Scientists used induced pluripotent stem cells (iPSCs) to produce and engineer cartilage that opens up new treatments and therapies for patients with damaged cartilage, cartilage injury, and osteoarthritis.
Since the introduction of stem cell technology, its manner of procurement has garnered much moral debate. Initially, stem cells are taken from human embryos about four or five days after fertilization.
Stem cells are pluripotent. This means that they have the ability to transform or differentiate into a higher form of cell, tissue or organ. It is this ability that scientists look to as the next evolution of medical science.
In the future, instead of manually repairing a tissue or organ, stem cells can be grafted into the affected areas and they will repair the damage by growing the necessary tissue or even a whole organ.
Induced Pluripotent Stem Cells (iPSC)
In 2007, a team of scientists from Kyoto University, Japan led by Shinya Yamanaka managed to produce a type of pluripotent stem cell artificially derived from a non-pluripotent cell. Yamanaka managed to convert an already adult cell back into its' early stem cell stage.
Of the four current ways to produce stem cells, his process is the only one that does not require an embryo. For this discovery, he (along with John B. Gurdon) was awarded the 2012 Nobel Prize in medicine.
Another advantage to using iPSCs, is that scientists believe that since the stem cell is procured from the patient himself, the process would address and avoid any immunogenic responses.
Articular Cartilage
Articular cartilage is the tissue that allows joints to absorb shock and rotate and glide smoothly against each other. It provides a frictionless surface for the bone joints to interact with each other. Without articular cartilage, bone joints will be grinding against each other generating excruciating pain in simple activities such as walking, climbing or even getting up from a chair.
Video: Stem Cells Repair Joint Cartilage
Because articular cartilage has a poor capacity for repair, cartilage damage and osteoarthritis are leading causes of impairment in older people and often requires joint replacement.
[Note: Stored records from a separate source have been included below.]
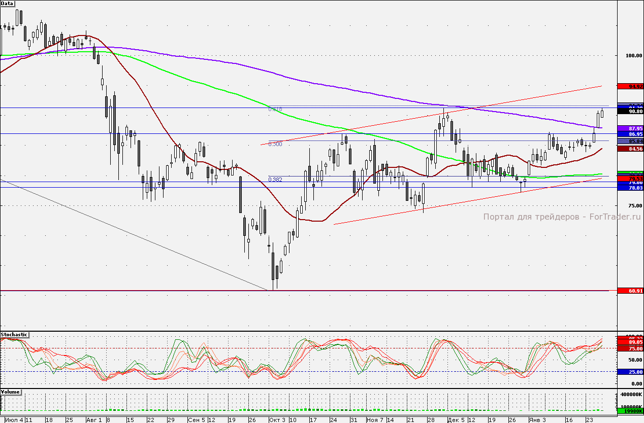 Ближайшие уровни поддержки: 90,00/87,95/87,05/85,00/84,00
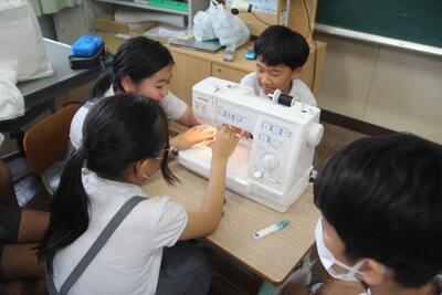 家庭科では、ミシンの使い方について学習しました。昨年度学習した6年生から教えてもらいながらぞうきんを作りました。上糸や下糸の調節したり、押さえホルダーを上下したり、スタート・ストップをボタンを押したりして、ミシンで縫っていきました。手縫いとの違いや、まっすぐ縫い進む難しさなどが分かった5年生です。
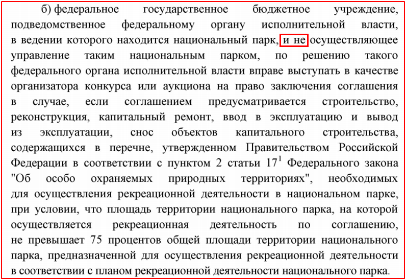 И вроде бы договор заключается с ООПТ – формально это Национальные парки выдают аренду и контролируют управление землёй? Но даже тут ответ «нет». Отрывок из постановления 1432 (Об определении случаев, при которых организатором проведения конкурсов и аукционов на право заключения соглашения об осуществлении рекреационной деятельности в национальном парке может выступать федеральное государственное учреждение), пункт 1б:
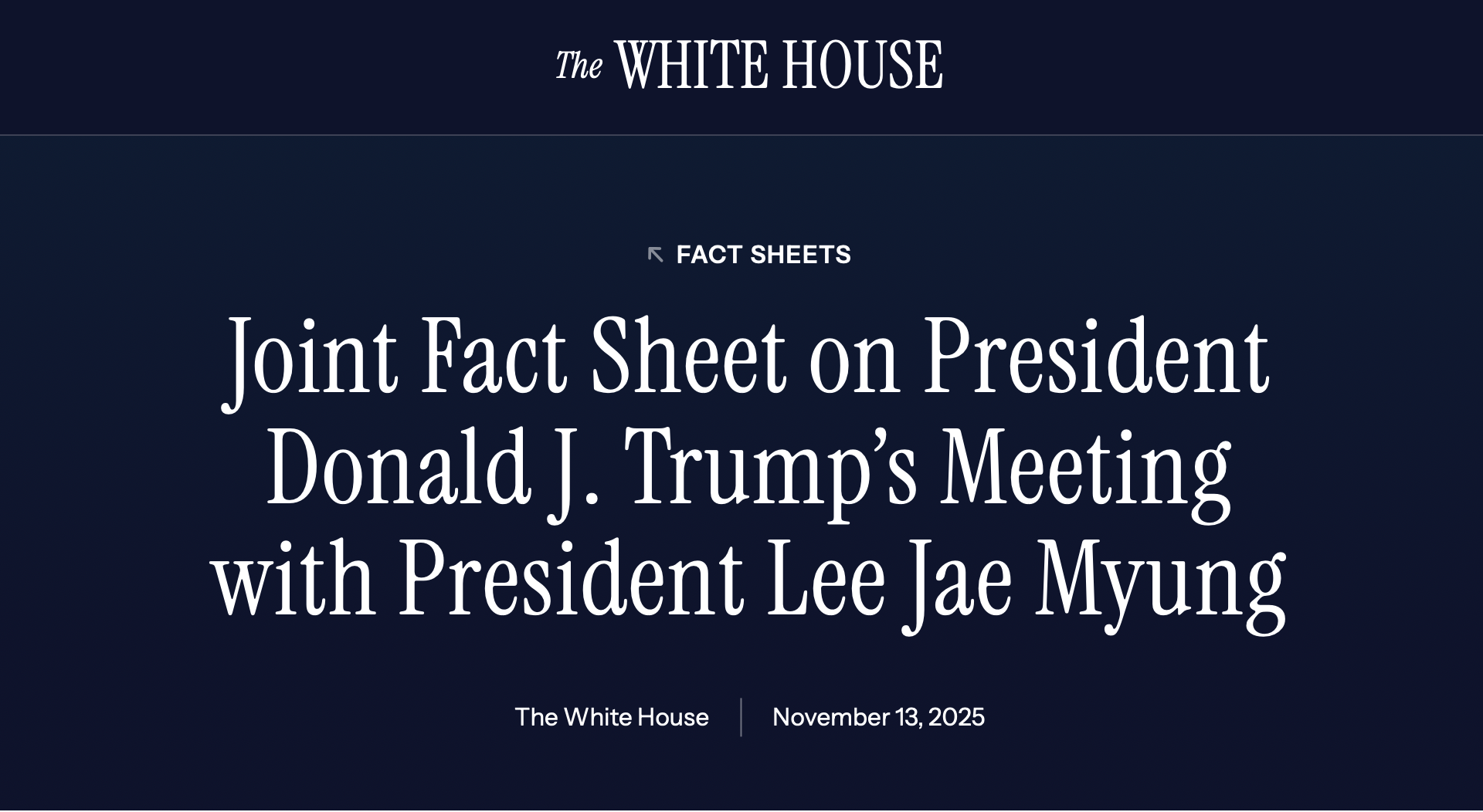 도널드 트럼프 미국 대통령과 이재명 대한민국 대통령이 지난 10월 29일 경주에서 정상회담을 가진 뒤 13일(목) 백악관이 발표한 공동팩트시트에 대해 미국 주요 언론들이 “한미동맹이 군사 중심에서 경제·안보 통합동맹으로 진화하고 있다”고 분석했다.
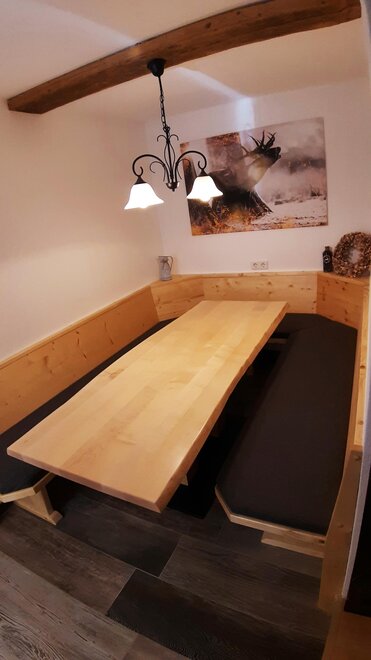Our holiday apartment "Schladminger Alm" can accommodate up to 6 people and consists of 3 double rooms, 2 bathrooms, one of which has a walk-in rain shower, 2 separate toilets, a large living room with smart TV, and a fully equipped kitchen with a rustic corner bench for cozy, shared hours.
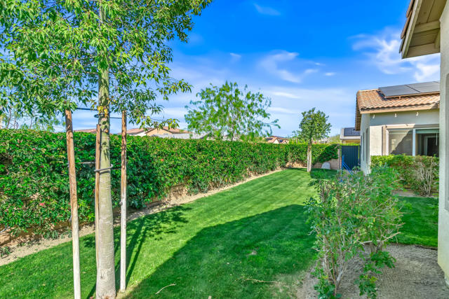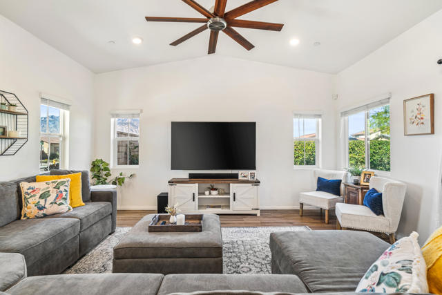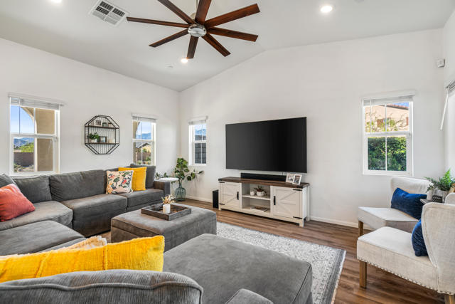 Located within the Verano community, this newer residence offers modern construction, mountain views, and a desirable corner-lot setting within one of the area's most thoughtfully planned neighborhoods. Built in 2019, the home incorporates contemporary finishes designed for both comfort and efficiency. Wood-look vinyl flooring runs throughout the primary living areas, complementing an open floor plan that connects the great room, dining area, and kitchen. The kitchen is designed with everyday function in mind, featuring white cabinetry, granite countertops with an island, stainless steel appliances, and generous prep space.The primary suite is spacious with natural light and an en-suite bathroom, while the guest bedrooms are ideally sized. A welcoming covered porch entry, large laundry room with additional storage, and attached garage add to the home's practical layout.Positioned on a corner location, the property enjoys open sightlines and surrounding mountain views. The property also has a solar system that has covered the usage very well for the current owners.Residents of Verano enjoy access to a central clubhouse with resort-style pool and spa, a fitness center, sport courts, playground areas, and more. Wide streets, landscaped paseos, and the surrounding San Jacinto and Santa Rosa mountain views contribute to the neighborhood's appeal for both full-time and seasonal residents.
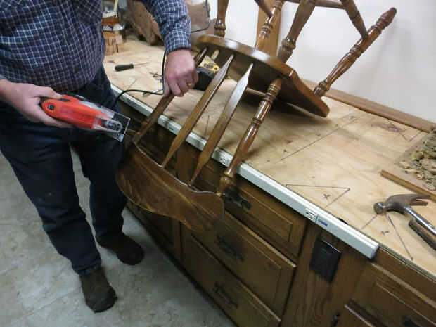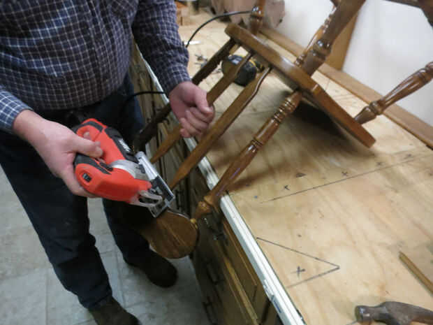 Es bastante fácil encontrar viejas sillas de madera con fondos de asiento roto. A menudo el marco de la silla es sólido, pero no un is interesado en Retejiendo la parte inferior de la punta. Cuando he encontrado 5 sillas viejas en las vigas del techo
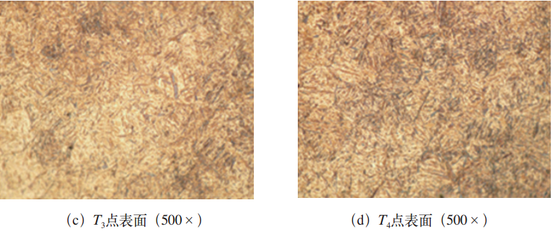 產品:外圈溝道FLHSN3035FT1,材質為42CrMo4+QT-EN10083,溝道淬火硬度58~62HRC,硬化層深度≥7.5mm(52.5HRC處)。實物如圖4所示,圖樣工藝要求如圖5所示,硬化層切割試塊如圖6所示,檢測結果見附表,金相組織如圖7所示。
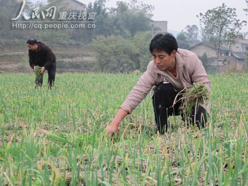 人民网重庆视窗12月20日电:12月19日,阴天。綦江县古南街道南山村村支书高思强忙得团团转,一边要组织村民到蔬菜基地锄草,一边还要为大伙计算上月的工钱。高思强笑着说,忙点好,忙点有“搞头”,全村70来户人家把土地集中流转承包给重庆坛香农业开发有限公司建蔬菜基地,这样一来,当地村民在自家地里打工,还能拿工资。
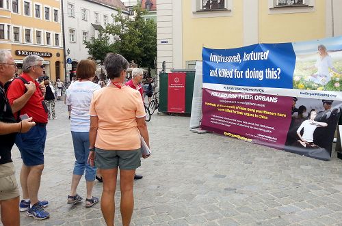 当天有很多德国民众在征签表上签名,其中有一位在雷根斯堡大学就读的德国女大学生Christina,她表示自己是学法律的,下学期她们正好有一门课是关于人权迫害的,而且中共在中国对于人权的迫害会是课程的一个重点。她说她在之前就了解过法轮功学员被迫害的相关信息,也看过德国电视台3Sat播放的有关活摘的纪录片《预定器官:杀戮》,她询问是否可以把这个节目在大学里进行播放,她想要把这个当作课题重点,给同学们做相关介绍。她与学员谈了很长时间,了解了更多信息,并留下联系方式,想要在大学里做更多的介绍,她认为应该让更多人了解事实真相。
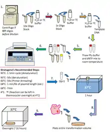 Quickchange is a technique used to generate site-specific mutations with minimal hands-on manipulation. The sites of mutations are incorporated in the two complementary primers and the rest of the plasmid DNA is synthesized with a high fidelity DNA polymerase in a thermal cycler. Therefore the whole process is considered quick.
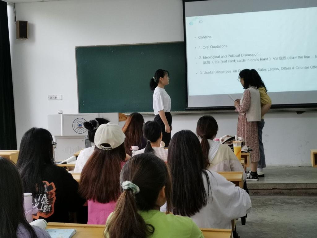 本次思政示范观摩课的主题内容是外贸谈判过程中的口头报盘和还盘。姜老师对此次思政课程内容进行了精心准备,教学内容生动充实、师生互动频繁,教学环节紧凑,将课程思政内容有机地融入到了实际教学中去,做到了润物细无声。课堂伊始,姜老师带领员工复习上次课程重难点,帮助员工回忆巩固已学的知识。接着,借助课堂重难点的复习热身,指导员工进行了外贸函电中的口头报盘和还盘训练。各小组员工精心准备了精彩的口头陈述,并在讲台上向班级做了生动的现场演示,课堂气氛热烈。
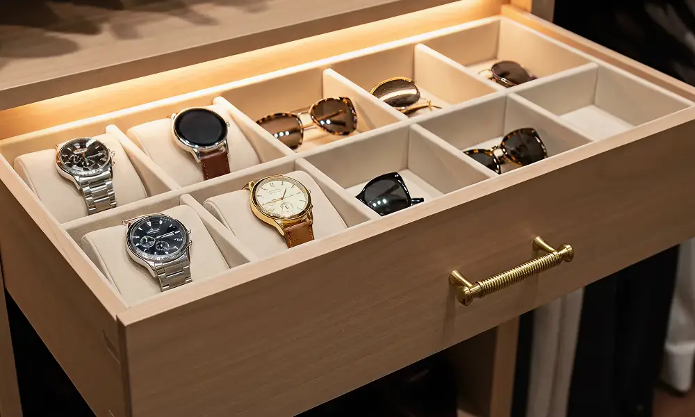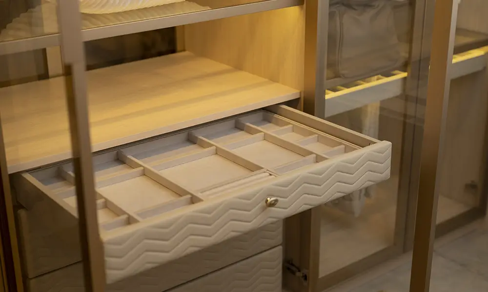 As divisórias internas complementam as gavetas, criando compartimentos específicos para cintos, lenços, relógios, óculos e outros acessórios menores. Essa setorização evita misturas, reduz o desgaste das peças e torna a rotina mais prática.
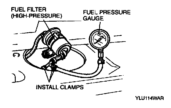 3. Install hose clamps to secure the fuel pressure gauge to the fuel filter and the main hose.
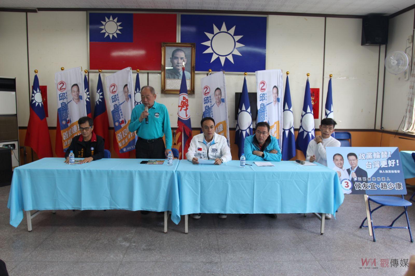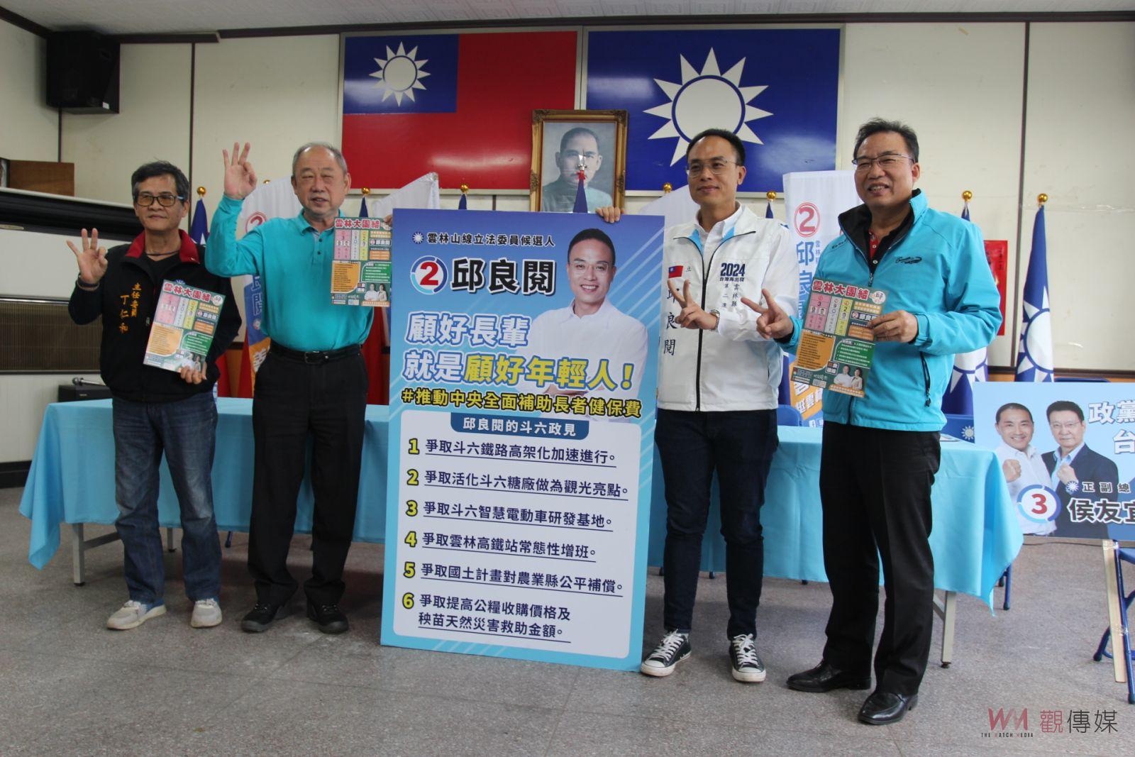 ▲國民黨雲林黨部主委陳瑞雄、縣農會總幹事陳志揚和黃復興黨部主委丁仁等大力推荐第二選區立委候選人邱良閱。
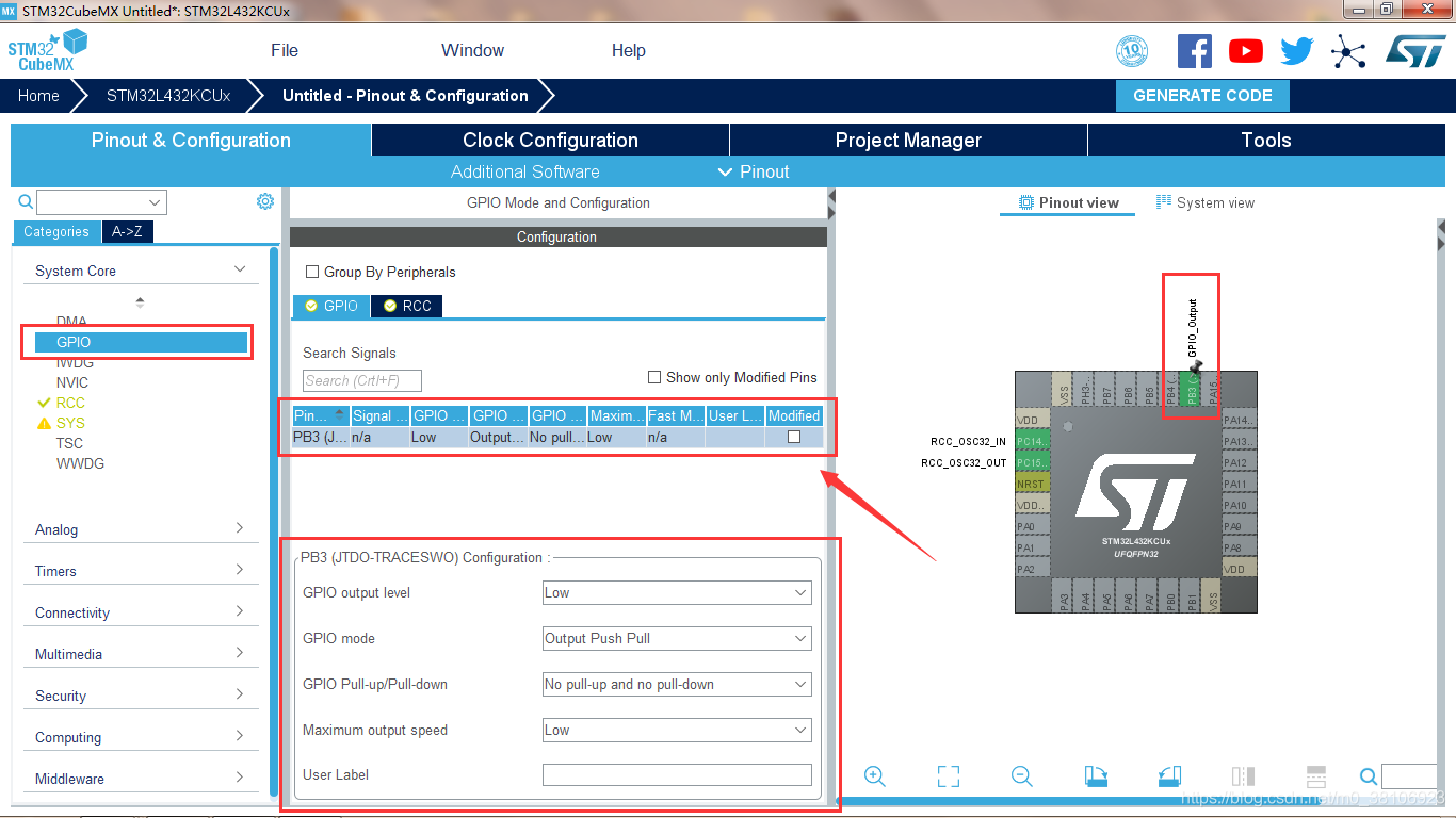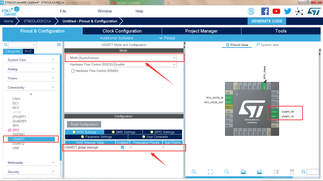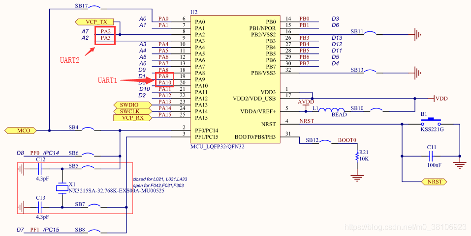 - 分析STM32L432KC芯片手册可知,UART1(TX=PA9,RX=PA10)和UART2(TX=PA2,RX=PA3)的GPIO端口及属性;
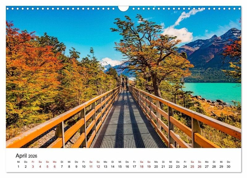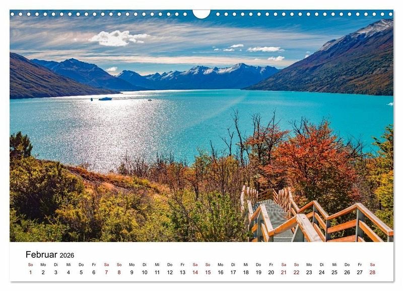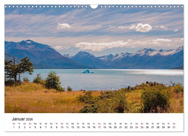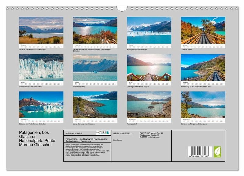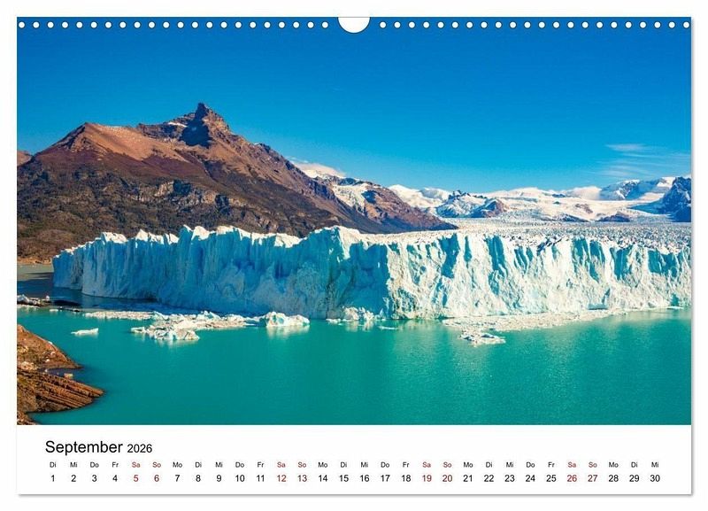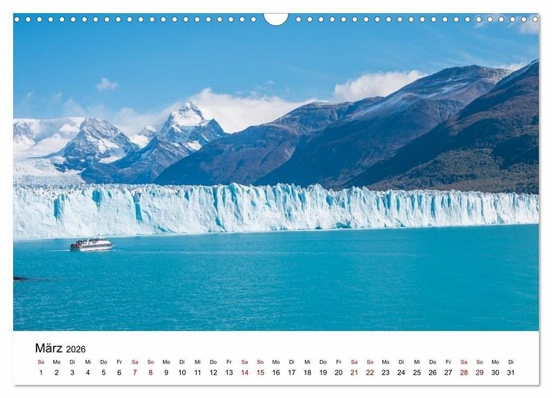 Im Süden Argentiniens erstreckt sich eine der spektakulärsten Landschaften der Welt: der Los Glaciares Nationalpark in Patagonien - ein UNESCO-Weltnaturerbe. Majestätische Eiswände, tiefblaue Gletscher, spiegelnde Seen, einsame Eisberge und eine vielfältige Tierwelt prägen diese Region rund um den berühmten Perito-Moreno-Gletscher. Dieser Kalender fängt die eisige Schönheit und wilde Weite Patagoniens ein - von fliegenden Flamingos bis zu wandernden Besuchern auf den endlosen Stegen entlang der Gletscherkante.

Osteoarthritis affects around 21 million adults and has no treatment available outside of joint replacement and pain management therapy.
Artificially Engineered Cartilage From iPSCs
A team of Duke Medicine researchers, led by Brian O. Diekman, PhD., have used iPSCs to successfully engineer cartilage for use in tissue repair and studies into cartilage injury and osteoarthritis.
The finding is reported online Oct. 29, 2012, in the journal the Proceedings of the National Academy of Sciences, and suggests that induced pluripotent stem cells may be a viable source of patient-specific articular cartilage tissue.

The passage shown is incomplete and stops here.